--- Supplied records ---
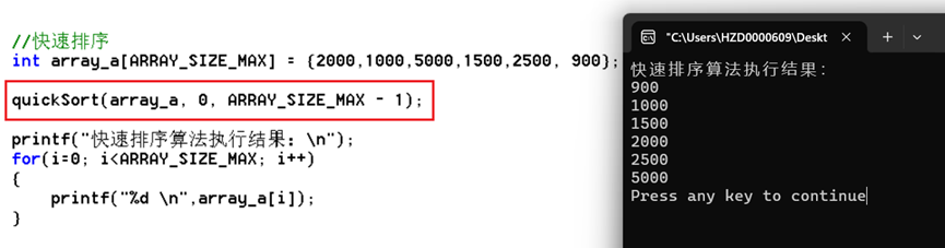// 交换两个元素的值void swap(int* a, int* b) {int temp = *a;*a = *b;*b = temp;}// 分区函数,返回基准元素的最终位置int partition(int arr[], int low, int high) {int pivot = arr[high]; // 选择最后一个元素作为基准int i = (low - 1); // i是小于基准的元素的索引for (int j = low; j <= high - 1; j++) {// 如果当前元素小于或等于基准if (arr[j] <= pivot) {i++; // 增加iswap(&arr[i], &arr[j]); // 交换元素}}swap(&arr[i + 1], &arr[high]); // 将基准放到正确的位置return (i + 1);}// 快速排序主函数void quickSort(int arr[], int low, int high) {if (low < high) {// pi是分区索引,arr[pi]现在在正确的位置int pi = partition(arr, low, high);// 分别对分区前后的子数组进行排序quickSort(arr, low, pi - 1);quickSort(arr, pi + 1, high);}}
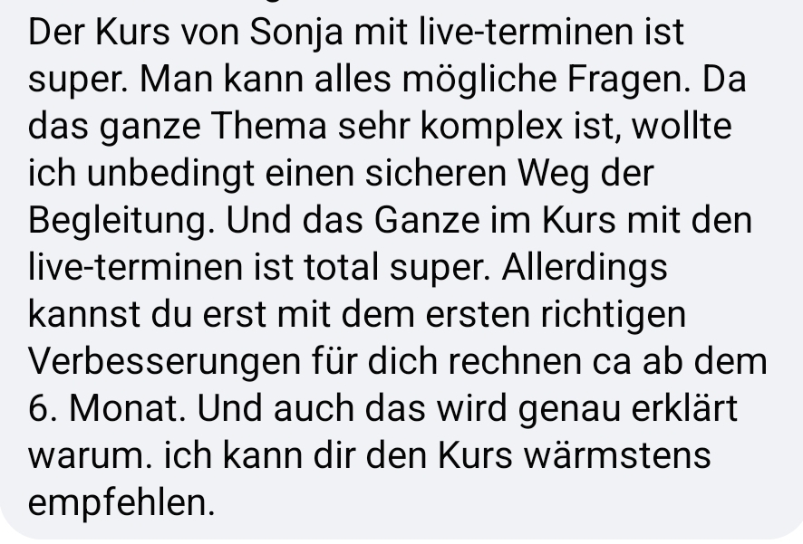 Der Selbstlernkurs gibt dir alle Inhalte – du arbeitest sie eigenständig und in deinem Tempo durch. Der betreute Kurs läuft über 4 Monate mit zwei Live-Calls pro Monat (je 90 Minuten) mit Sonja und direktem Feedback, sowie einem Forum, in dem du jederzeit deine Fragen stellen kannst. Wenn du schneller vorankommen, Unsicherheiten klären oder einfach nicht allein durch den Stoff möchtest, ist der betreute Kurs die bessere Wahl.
---
--- Supplied records ---
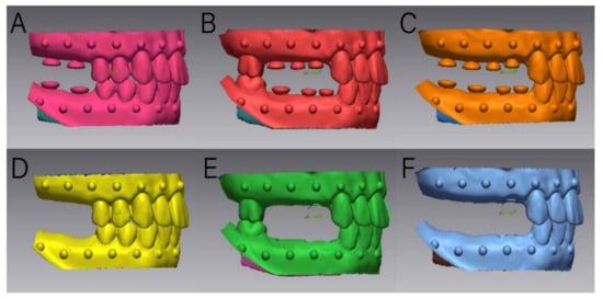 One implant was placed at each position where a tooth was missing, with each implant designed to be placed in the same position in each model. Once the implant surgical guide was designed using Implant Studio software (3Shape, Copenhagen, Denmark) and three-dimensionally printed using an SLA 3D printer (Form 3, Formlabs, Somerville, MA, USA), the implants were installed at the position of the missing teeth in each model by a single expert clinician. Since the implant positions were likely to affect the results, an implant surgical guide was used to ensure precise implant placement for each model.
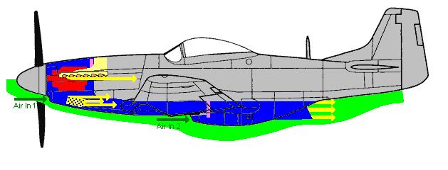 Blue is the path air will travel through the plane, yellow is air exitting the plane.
---
Your assignment: Look above for the line containing "One implant was", then write out every line from there down to the line containing "Blue is the", that line included, with no pictures.

Response:
 One implant was placed at each position where a tooth was missing, with each implant designed to be placed in the same position in each model. Once the implant surgical guide was designed using Implant Studio software (3Shape, Copenhagen, Denmark) and three-dimensionally printed using an SLA 3D printer (Form 3, Formlabs, Somerville, MA, USA), the implants were installed at the position of the missing teeth in each model by a single expert clinician. Since the implant positions were likely to affect the results, an implant surgical guide was used to ensure precise implant placement for each model.
 Blue is the path air will travel through the plane, yellow is air exitting the plane.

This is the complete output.